• **Action item**
What you return must match the records word for word, except that pictures are dropped.

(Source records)
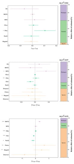 The model was selected in R4.1.3 using the function “dredge” from the “MuMin” package [], based on the corrected Akaike’s information criterion (AICc; ΔAICc < 2) []. A selection procedure was used to select the best predictor of ecosystem multifunctionality, and when multiple models were selected, model averaging was performed based on AICc weights. The model residuals were inspected for constant variance and normality. All predictors and response variables were standardized before the model was constructed. Predictors were log-transformed as necessary before analysis to meet the assumptions. The model calculated relative explanatory rates for each diversity index and compared them with the total explanatory rates for all diversity indicators in the model, after which the explanatory rates for the indices in the model were categorized and summed by species diversity, functional diversity, and phylogenetic diversity to obtain the relative importance of different diversity dimensions (species diversity, functional diversity, and phylogenetic diversity) as drivers of ecosystem multifunctionality.
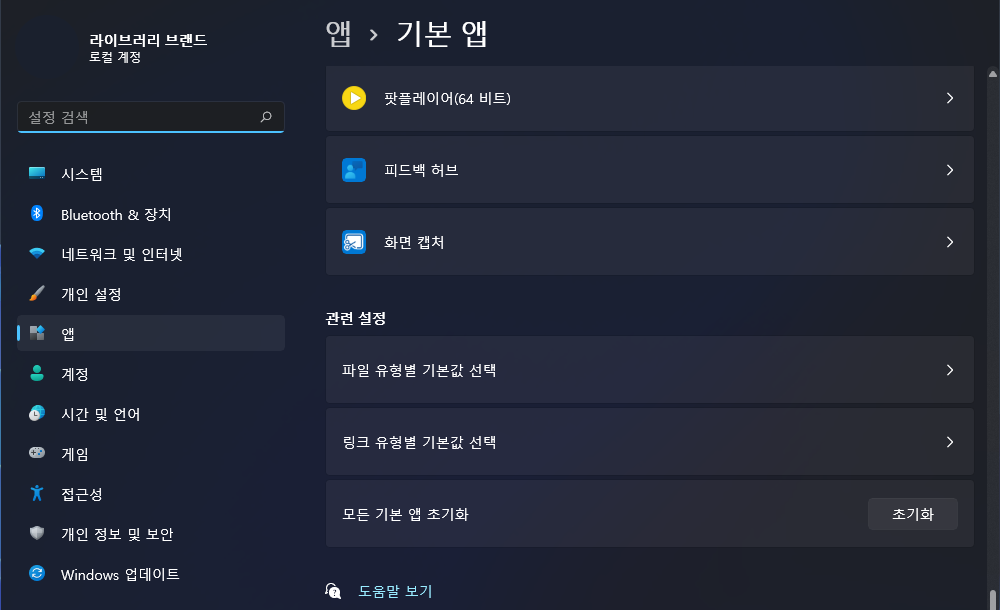 제일 쉬운 방법은 윈도우 키를 누르거나 검색 아이콘을 클릭해서 기본 앱으로 검색하면 위와 같이 기본 앱 설정으로 쉽게 이동할 수 있다.
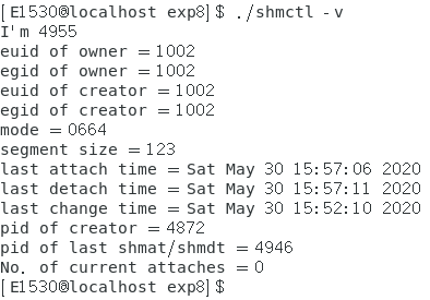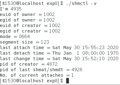 先在另一个终端执行 ./shmctl -a ,然后(5s内)立即在当前终端执行 ./shmctl -v
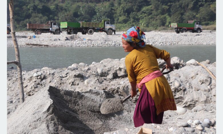 मलेखु (धादिङ), २६ मङ्सिरः हातमा बेल्चा (साबेल), टाउकामा रुमाल र कम्मरमा सलको पटुकी । एकाबिहानै बालुवा सार्दै गर्नुभएको अवस्थामा भेटिनुभयो, कल्पना भुजेल । कठ्याङ्ग्रिँदो जाडोेमा पनि खलखल पसिना बगिरहेको छ, तर उहाँलाई यसको कुनै प्रवाह छैन । भुजेल भन्नुहुन्छ, “हाम्रो काम उज्यालो भएदेखि अँध्यारो नभएसम्म बगरमा बालुवा खोज्ने हो । एकदिन अल्छी गर्यो भने अर्काे दिन चुल्हो बाल्न गाह्रो हुन्छ । बिरामी परियो भने औषधि खाने पैसा हुँदैन । त्यसैले चिसो, गर्मी केहीको प्रवाह हुँदैन ।”
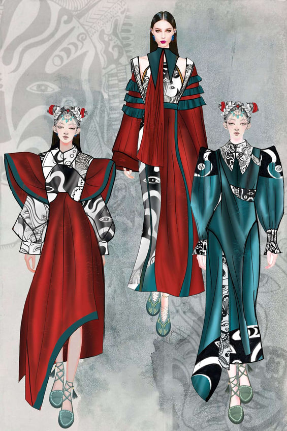 Trong kho tàng văn hóa nghệ tộc Việt Nam, Tuồng ( hay Hát Bội ) là bộ môn nghệ thuật sân khấu truyền thống độc đáo, ẩn chứa những tinh hoa văn hóa và giá trị nghệ thuật đặc sắc. Qua hàng trăm năm qua, loại hình này đã vượt qua bao thăng trầm của lịch sử để góp phần làm nên bản sắc văn hóa Việt Nam. Tuy nhiên Tuồng (hay Hát Bội) đang đứng trước nguy cơ mai một và khó khăn tìm cho mình hướng đi tích cực, nhằm bảo tồn và phát huy được những giá trị nghệ thuật. Nhận thấy điều đó, cũng như mong muốn lan tỏa tinh thần tôn vinh nghệ thuật dân tộc. Bst mang tên "Dư Niệm" đã được ra đời. Với ý tưởng từ những chiếc mặt nạ, đường nét khi các nghệ sĩ hóa trang, cùng màu sắc rực rỡ của sân khấu, em đã đưa chúng vào những thiết kế của mình. Tone màu được sử dụng với màu đỏ chủ đạo - tone màu đặc trưng của sân khấu Hát Bội, điểm thêm tone xanh truyền thống Á Đông, cùng những nét mực đen thể hiện rõ ràng nét vẽ mặt nạ trên những tác phẩm thiết kế của mình.
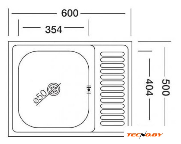 накладная, нержавеющая сталь, фактура: матовая, размеры: 50x60 см, глубина чаши: 14 см, в шкаф шириной от 50 см
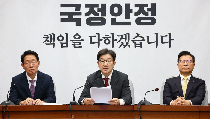 Kweon Seong-dong (C), floor leader of the ruling People Power Party, speaks during a meeting of the party at the National Assembly in Seoul on Feb. 7, 2025. (Yonhap)

• **Final answer**
 The model was selected in R4.1.3 using the function “dredge” from the “MuMin” package [], based on the corrected Akaike’s information criterion (AICc; ΔAICc < 2) []. A selection procedure was used to select the best predictor of ecosystem multifunctionality, and when multiple models were selected, model averaging was performed based on AICc weights. The model residuals were inspected for constant variance and normality. All predictors and response variables were standardized before the model was constructed. Predictors were log-transformed as necessary before analysis to meet the assumptions. The model calculated relative explanatory rates for each diversity index and compared them with the total explanatory rates for all diversity indicators in the model, after which the explanatory rates for the indices in the model were categorized and summed by species diversity, functional diversity, and phylogenetic diversity to obtain the relative importance of different diversity dimensions (species diversity, functional diversity, and phylogenetic diversity) as drivers of ecosystem multifunctionality.
 제일 쉬운 방법은 윈도우 키를 누르거나 검색 아이콘을 클릭해서 기본 앱으로 검색하면 위와 같이 기본 앱 설정으로 쉽게 이동할 수 있다.
 先在另一个终端执行 ./shmctl -a ,然后(5s内)立即在当前终端执行 ./shmctl -v
 मलेखु (धादिङ), २६ मङ्सिरः हातमा बेल्चा (साबेल), टाउकामा रुमाल र कम्मरमा सलको पटुकी । एकाबिहानै बालुवा सार्दै गर्नुभएको अवस्थामा भेटिनुभयो, कल्पना भुजेल । कठ्याङ्ग्रिँदो जाडोेमा पनि खलखल पसिना बगिरहेको छ, तर उहाँलाई यसको कुनै प्रवाह छैन । भुजेल भन्नुहुन्छ, “हाम्रो काम उज्यालो भएदेखि अँध्यारो नभएसम्म बगरमा बालुवा खोज्ने हो । एकदिन अल्छी गर्यो भने अर्काे दिन चुल्हो बाल्न गाह्रो हुन्छ । बिरामी परियो भने औषधि खाने पैसा हुँदैन । त्यसैले चिसो, गर्मी केहीको प्रवाह हुँदैन ।”
 Trong kho tàng văn hóa nghệ tộc Việt Nam, Tuồng ( hay Hát Bội ) là bộ môn nghệ thuật sân khấu truyền thống độc đáo, ẩn chứa những tinh hoa văn hóa và giá trị nghệ thuật đặc sắc. Qua hàng trăm năm qua, loại hình này đã vượt qua bao thăng trầm của lịch sử để góp phần làm nên bản sắc văn hóa Việt Nam. Tuy nhiên Tuồng (hay Hát Bội) đang đứng trước nguy cơ mai một và khó khăn tìm cho mình hướng đi tích cực, nhằm bảo tồn và phát huy được những giá trị nghệ thuật. Nhận thấy điều đó, cũng như mong muốn lan tỏa tinh thần tôn vinh nghệ thuật dân tộc. Bst mang tên "Dư Niệm" đã được ra đời. Với ý tưởng từ những chiếc mặt nạ, đường nét khi các nghệ sĩ hóa trang, cùng màu sắc rực rỡ của sân khấu, em đã đưa chúng vào những thiết kế của mình. Tone màu được sử dụng với màu đỏ chủ đạo - tone màu đặc trưng của sân khấu Hát Bội, điểm thêm tone xanh truyền thống Á Đông, cùng những nét mực đen thể hiện rõ ràng nét vẽ mặt nạ trên những tác phẩm thiết kế của mình.
 накладная, нержавеющая сталь, фактура: матовая, размеры: 50x60 см, глубина чаши: 14 см, в шкаф шириной от 50 см
 Kweon Seong-dong (C), floor leader of the ruling People Power Party, speaks during a meeting of the party at the National Assembly in Seoul on Feb. 7, 2025. (Yonhap)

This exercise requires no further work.